Due to the addition of purchases, we also updated our Terms of Service agreement and Privacy Policy.

The business team decided to itemize every content type inside the mobile app and sell them both separately and in a package. Which means the student can purchase the videos only, deep dive videos only, flashcards only, test bank only (which is a large set of practice questions, 1000+), etc, or the entire package for a recurring monthly price.

Since the study materials are now being sold on the mobile app, we added marketing pop-ups to encourage students to purchase before and after their free trial expires.

There is more copy on these screens that I would like, but certain information we are required by law to display in full, before the user can expand the purchase details: the product name, the price per month, a note about the price being a monthly subscription, and another note about the ability to cancel anytime. Users have to immediately know how much they are paying and how often, without having to expand anything. I wanted to hide and have to expand some copy like the iTunes purchase terms & conditions, but we were told it had to be displayed in its entirety.
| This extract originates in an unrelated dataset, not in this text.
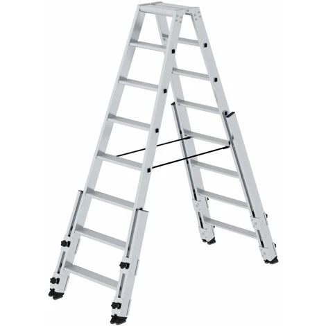 Treppengängige Stufen-Stehleiter, beidseitig begehbar.

Once the free trials expire, and the user hasn’t purchased any products, they would find this screen, the products are no longer accessible but they are available for purchase.

Once a user purchases the Test Bank, like in this example, the tile becomes full-width, as the only available option now is to access the full product. The other product tiles remain the same, with the option to purchase them on the right.
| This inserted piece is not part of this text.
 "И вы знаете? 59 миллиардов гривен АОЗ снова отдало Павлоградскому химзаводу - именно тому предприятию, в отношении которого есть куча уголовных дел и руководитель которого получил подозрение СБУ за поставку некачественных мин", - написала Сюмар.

There are three states a content type can be in: the first one is active on the free trial period and available for purchase, that's why its tile is active and there's an unlock button next to it.
The second state is a content type that has expired after the free trial ended and it’s available for purchase, so they’re in an inactive tile with an unlock button on the right. On our desktop app, we have different user tiers, depending on how much customers paid for the product, they get partial or full features.
The third state is active because it has been purchased, the tile is active but there is no unlock button on the right.

Integrating a new business model and onboarding flow was a challenge, but we met Apple’s deadline. Users did not report confusion about the new onboarding flow, on the contrary, this change along with additional UI updates like new background images, icons, and content types, with easy-to-digest, on-the-go study materials and features, gathered very positive feedback turning this 2.7 app into a 4.7 app on the Apple store, less than a year after my PM and I started working on this product.